In either case, remember that the lifecycle of a classification (it's creation and update times, and versions) is still handled independently from that of the entity – and this could have an impact on history:
- We receive a reference copy entity at version 2 with an update time of 5
- We later receive the same reference copy entity (still at version 2, update time of 5) which now has a classification, whose creation time is 3
- At time 1 and time 2 the repository knows nothing about the entity: any query or retrieval for these points in time will indicate that the entity did not exist
- At time 3 and 4, even though the classification existed, we do not know anything about the entity: the classification is therefore "orphaned" at these points in time, and any query or retrieval for the entity (even based on classification) should indicate that it did not exist
- Only in response to queries or retrievals from time 5 onwards should we respond with details about the entity: and this should include the details of the entity and the classification
Egeria provides an interface for re-identification (changing the GUID) of instances as well – both entities and relationships. To implement these with regards to retaining history, you will need to make use of the
reIdentifiedFromGUID property that was added to InstanceHeader in release 2.9:
- The re-identify method should first create a copy of the existing instance.

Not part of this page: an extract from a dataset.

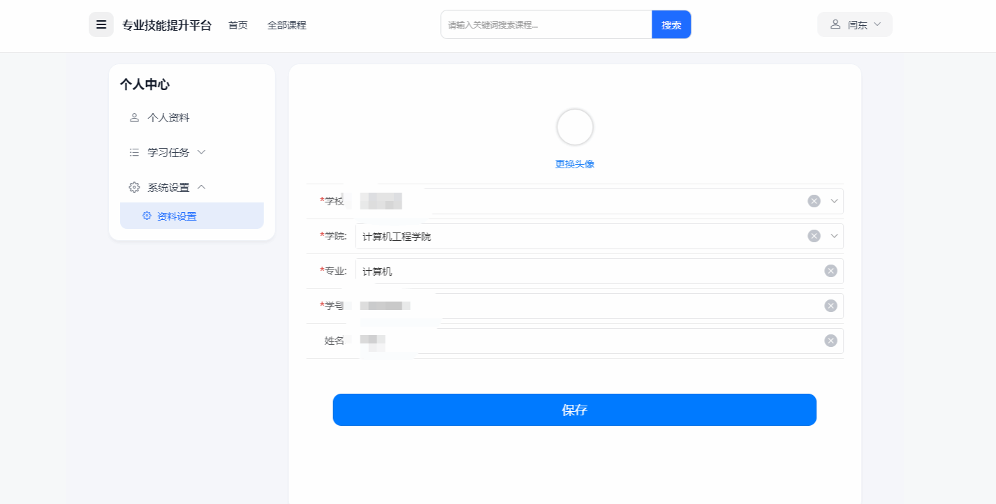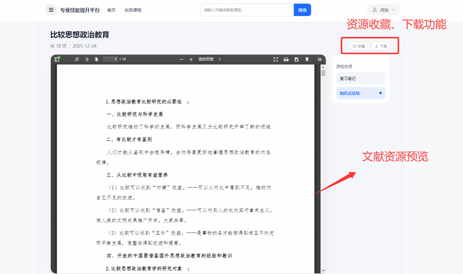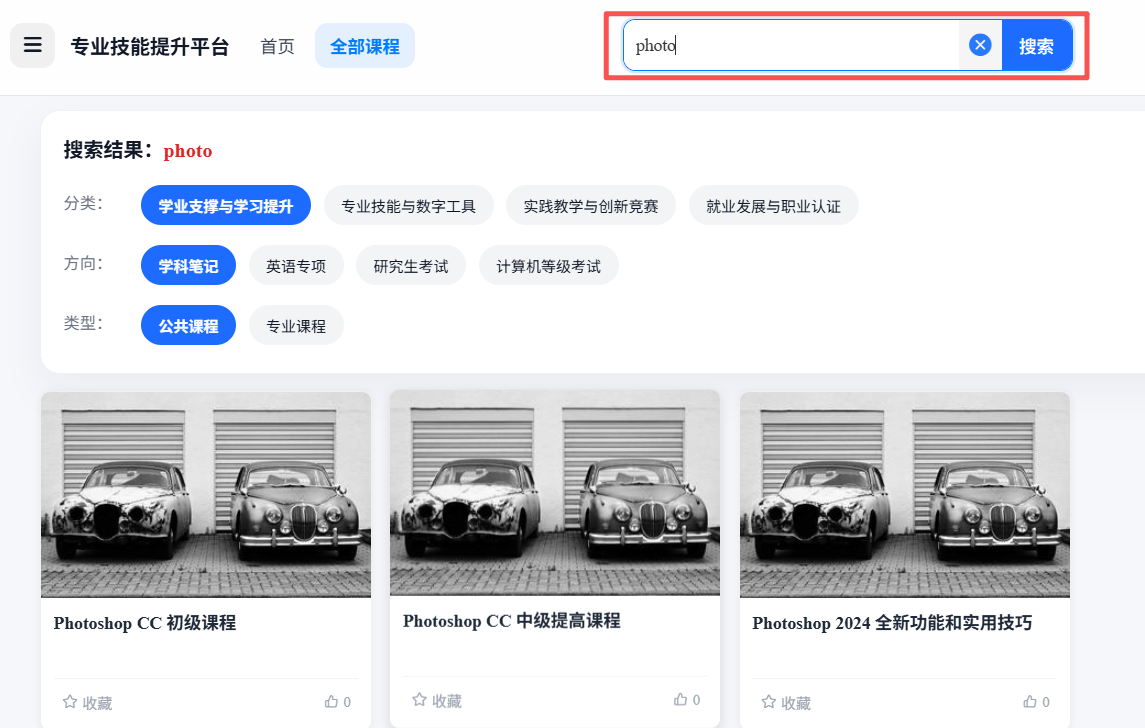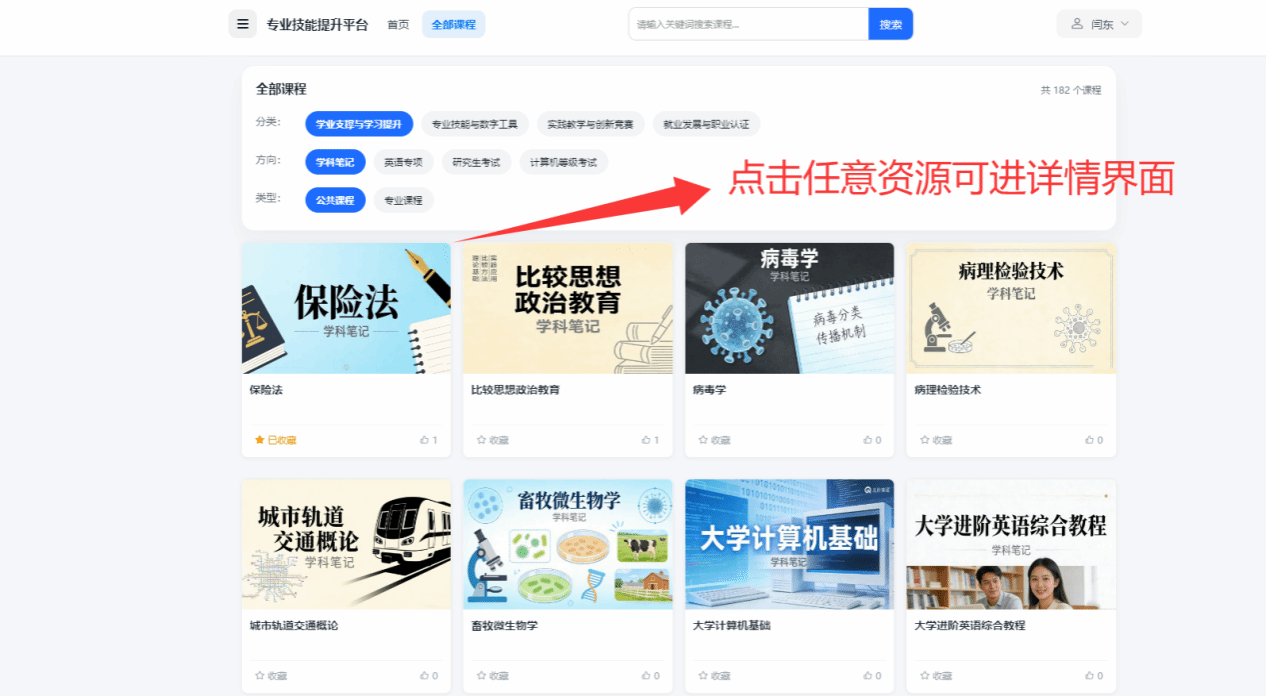 电脑端登陆后,即可进入浏览界面,平台分为四大领域:学业支撑与学习提升、专业技能与数字工具、实践教学与创新竞赛、就业发展与职业认证,选择不同领域,展现相应领域资源。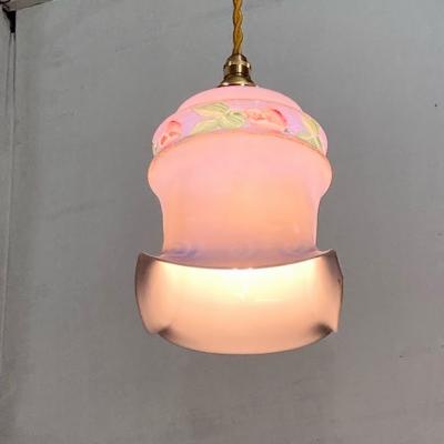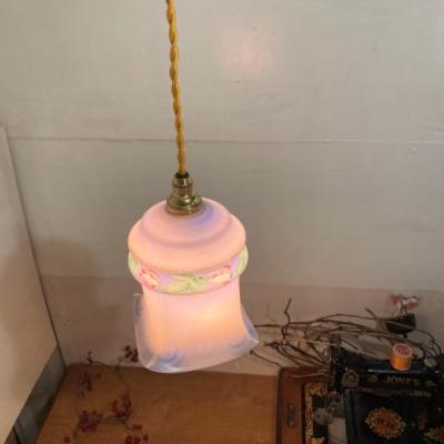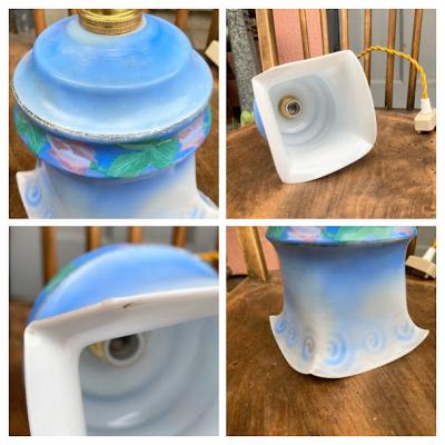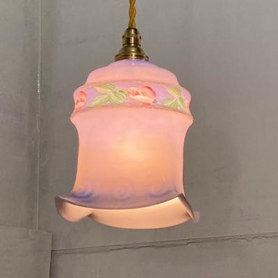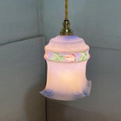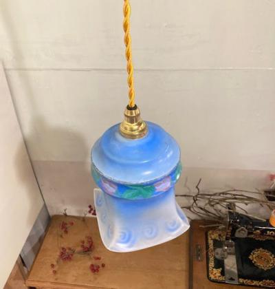 灯りをつけない時でも華やかなブルーが目を引き、電気を付けると色がミックスされ不思議な色合いを演出してくれるガラスシェード【43-557】フランス製、1940年代。ハンドペイントの素朴なチューリップが優しい空間を創り出します。フチにカケたような跡がありますが、現地で丸く削り手直しされながら大切に使われていたようです。ご使用には問題ありませんのでご安心ください。小さな傷を含むため価格に反映しております。シャビーシックなお部屋作りを楽しんでいる方におすすめ。

- On the copy, the method should set this new property to the old (existing) GUID of the instance.
- The method should set the GUID of this copy of the instance to the new GUID.
- The method should find all relationships that point to the original GUID, and update these to point to the new GUID.
- The method should then delete the original instance, and create the new (copied) instance.
In this way, a consumer can then still navigate through the history:
- Retrieve an instance by GUID, and its history. This should cover the referential integrity to any relationships at those historical points in time that referred to this entity based on this (new) GUID.
- This will only go back as far as the instance existed or was re-identified.
- If the instance has the
reIdentifiedFromGUIDproperty set, this will give its previous identifier.
- The consumer can use this previous identifier to retrieve that historical instance by its (different) GUID, and all of its history. This should also cover the referential integrity to any relationships at those historical points in time that referred to this entity based on that (different) previous GUID.
- This process can then recursively repeat, to navigate through any number of re-identifications of the instance.